Top of The data

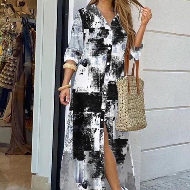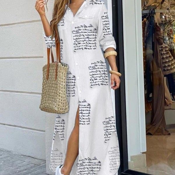 2025 Ventas Calientes Transfronterizas Amazon Ebay Nuevo Europeo y Americano Primavera y Verano Moda Sexy Camisa Falda Larga Vestido para Mujeres
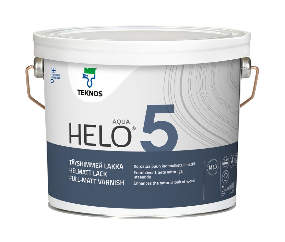 Helo Aqua 5 on veepõhine täismatt polüuretaanlakk, mis toob esile puidu loomuliku ilme. Lakk sisaldab UV-kaitset ja seda saab kasutada nii sise- kui ka välistingimustes. Sobib puidust uste, akende ja mööbli lakkimiseks. Siseruumides saab seda kasutada ka laudpõrandate, treppide, seinte ja lagede töötlemiseks. Värvitut lakki saab toonida poolläbipaistvate värvide värvikaardi toonidesse.
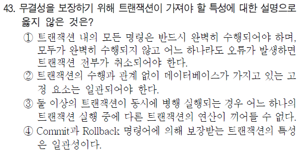 - 트랙잭션의 연산은 데이터베이스에 모두 반영되도록 완료(Commit)되든지 아니면 전혀 반영되지 않도록 복구(Rollback)되어야 한다.
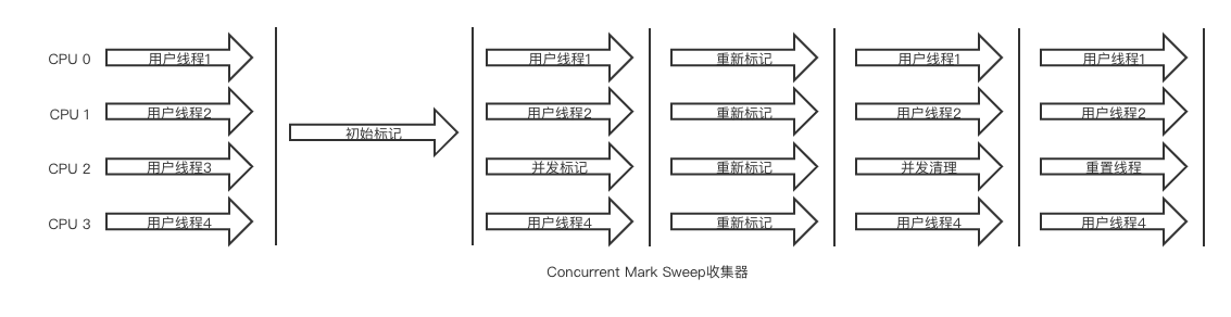 CMS整个过程比之前的收集器要复杂,整个过程分为4个主要阶段,即初始标记阶段、并发标记阶段、重新标记阶段和并发清除阶段。
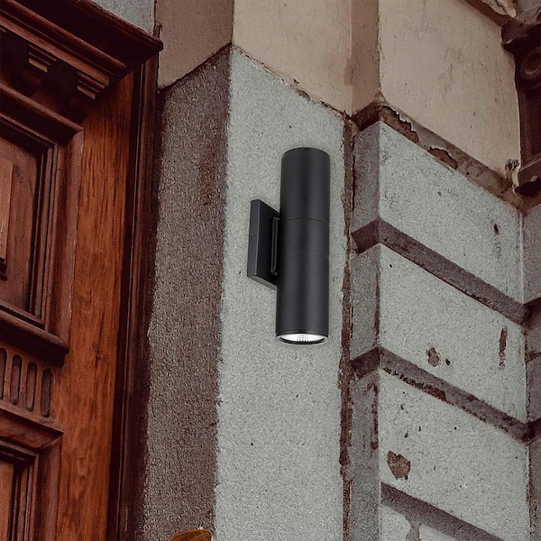 12 in. Black Weatherproof Aluminum LED Outdoor Up and Down Wall Cylinder Light with Selectable CCT 30K 40K 50K
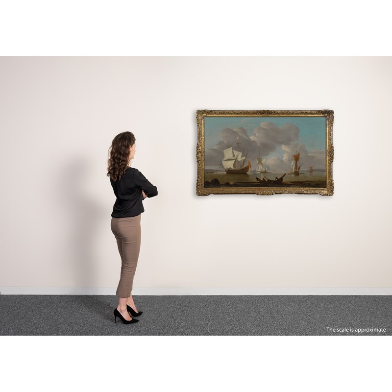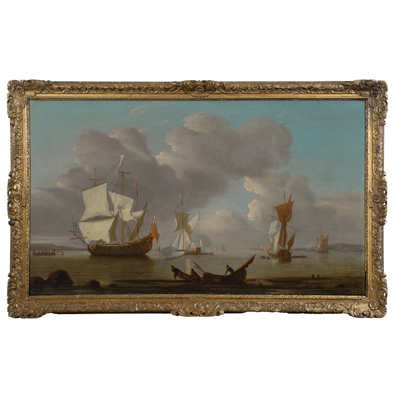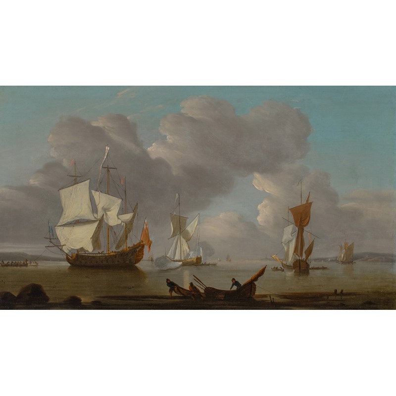 A flagship drying her sails inshore, with two Admiralty yachts and other smaller craft nearby

Bottom of The data

The required answer is an exact copy of the lines from the one containing "- 트랙잭션의 연산은" through the last line of the material, with the pictures removed.

> _Output_:
 - 트랙잭션의 연산은 데이터베이스에 모두 반영되도록 완료(Commit)되든지 아니면 전혀 반영되지 않도록 복구(Rollback)되어야 한다.
 CMS整个过程比之前的收集器要复杂,整个过程分为4个主要阶段,即初始标记阶段、并发标记阶段、重新标记阶段和并发清除阶段。
 12 in. Black Weatherproof Aluminum LED Outdoor Up and Down Wall Cylinder Light with Selectable CCT 30K 40K 50K
 A flagship drying her sails inshore, with two Admiralty yachts and other smaller craft nearby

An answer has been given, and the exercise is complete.